Added new record with the metadata about the sQTLs in v2g_display_labels.json - this include text for tooltip.
Discussing with @remo87:
For a fixed Gene/ENSEMBLID, the sQTL results should be aggregated in the same row for different chr_localisation_clusters (curly bracket) -- similar to aggregating for eQTLs in row n1 below:
NB: The API returns separate queries for each Chr_cluster_gene endpoint - the aggregation happens in FE.
phenotypeId": "chr1^54605209^54607134^clu_47022^ENSG00000162390
![Screenshot 2022-07-27 at 10.09.49.png](https://images.zenhubusercontent.com/5ef1da283f096f8317c9ca44/1a7caa1f-6881-45ba-82b5-5ad8a38c561d)
Latest update on this task: @xyg123 is currently investigating whether the prototype shown above covers all use cases for sQTLs. g. does each cluster only map to one gene in our dataset? Can one gene host multiple clusters? If so, how do we display these odd datasets?
From @xyg123: Here are the results for sQTL merging, I think merging it should be fine for now, although we should re-visit this data when we add additional sources in the future.
Showing: only best/most significant cluster within same junction.
Discussed with the team:
the API will be slightly modified so that the sQTL data can conform to the schema.

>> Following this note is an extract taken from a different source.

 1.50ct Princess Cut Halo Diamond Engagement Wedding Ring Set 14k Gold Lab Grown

This means that the current phenotypeId
filed will be split into two columns:
phenotypeId
: ENSGID
spliceId
: chr1^54605209^54607134^clu_47022
Hovering text: log2(H4/H3):, H3:, H4:, QTLbeta:, spliceId
@buniello Just a very minor opinion as a user. What do you think if the tooltip showed the metrics in separate rows instead of having them separated by commas? Btw, for eQTL and pQTLs the metrics are just separated by a space.

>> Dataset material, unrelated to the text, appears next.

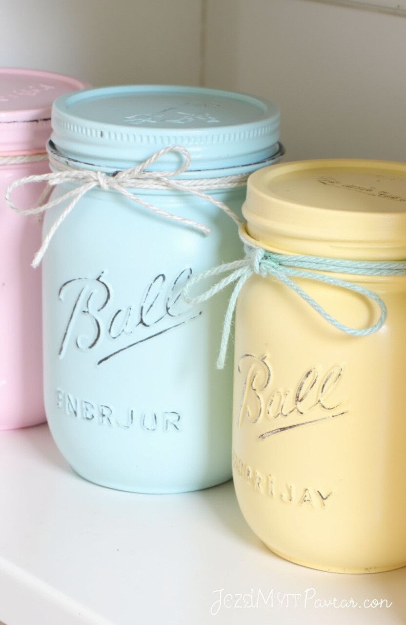 Use pastel-painted Mason jars to organize utensils or small pantry items. They’re versatile and add a rustic charm to your kitchen. Paint the lids or the jars themselves for a customized look.

@ireneisdoomed this is a good observation! - You suggest having spliceId
in a separate row right?
We have commas also for eQTLs and pQTLs i think? A hovering example from other QTLs is in one of the screenshots above.

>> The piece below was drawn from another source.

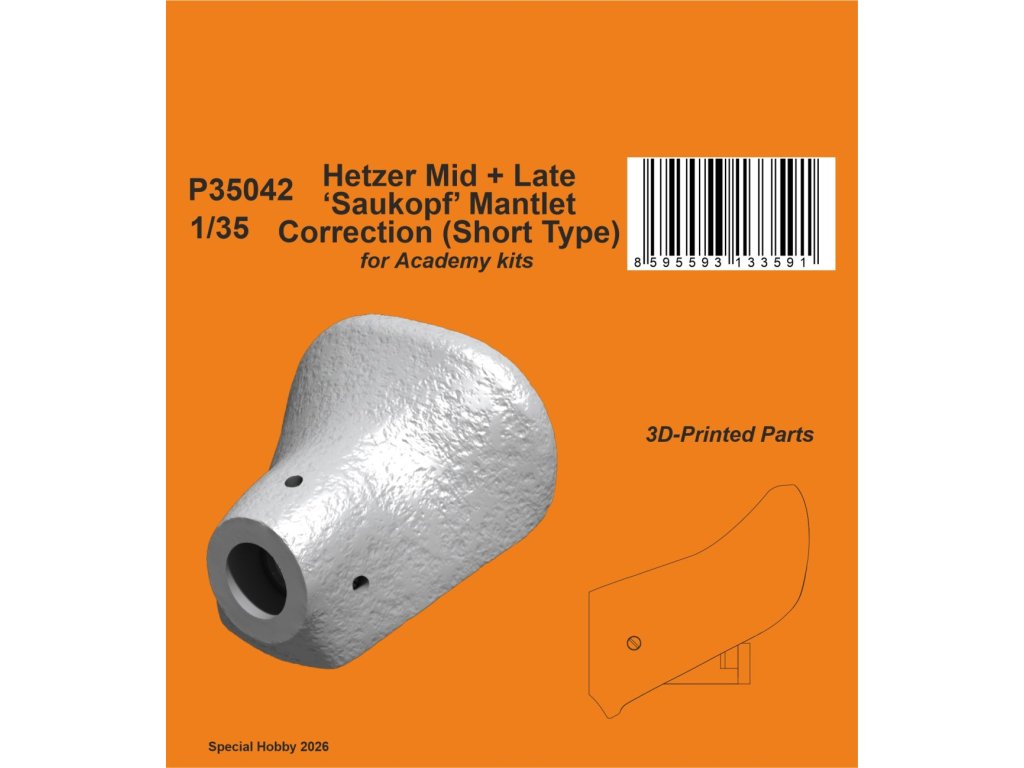 CMK 1/35 Hetzer Mid + Late 'Saukopf' Mantlet Correction (Short Type)/for Academy kits je resinový doplňkový set určený k vylepšení plastikových stavebnic tanku Jagdpanzer 38(t) Hetzer od firmy Academy v měřítku 1:35. Set obsahuje přesnější provedení charakteristického pancéřového krytu hlavně typu „Saukopf" (prasečí hlava) v krátké variantě, která byla používána na středních a pozdních výrobních sériích vozidla. Díky tomuto doplňku lze dosáhnout vyšší historické přesnosti a detailu než s původními plastovými díly. Balení neobsahuje barvy ani lepidla potřebné k sestavení.

@buniello No, I was proposing for the hovering text to be:
log2(H4/H3): {value}
H3: {value}
H4: {value}
QTL beta: {value}
spliceId: {value}
My main argument is that the splice ID is a fairly long string. However, I don't know if with a longer hover text we would frequently obstruct the visibility of other circles.
Discussed with @remo87 already:
Example below of locus page/gene prioritisation coloc table:
As a developer/owner, I should pin down the best way to integrate and display to the users the new splice QTL datasets into the Genetics Portal.
The sQTLs contribute to the new V2G pipeline.
sQTLs in the Gene Page (from Jeremy's ppt)
sQTLs in the Variant Page (from Jeremy's ppt)
[ ] Add as a column in the assigned genes summary
[ ] Add as a tab in the assigned genes
sQTLs in the Study-Locus page (from Jeremy's ppt)
Acceptance tests
How do we know the task is complete?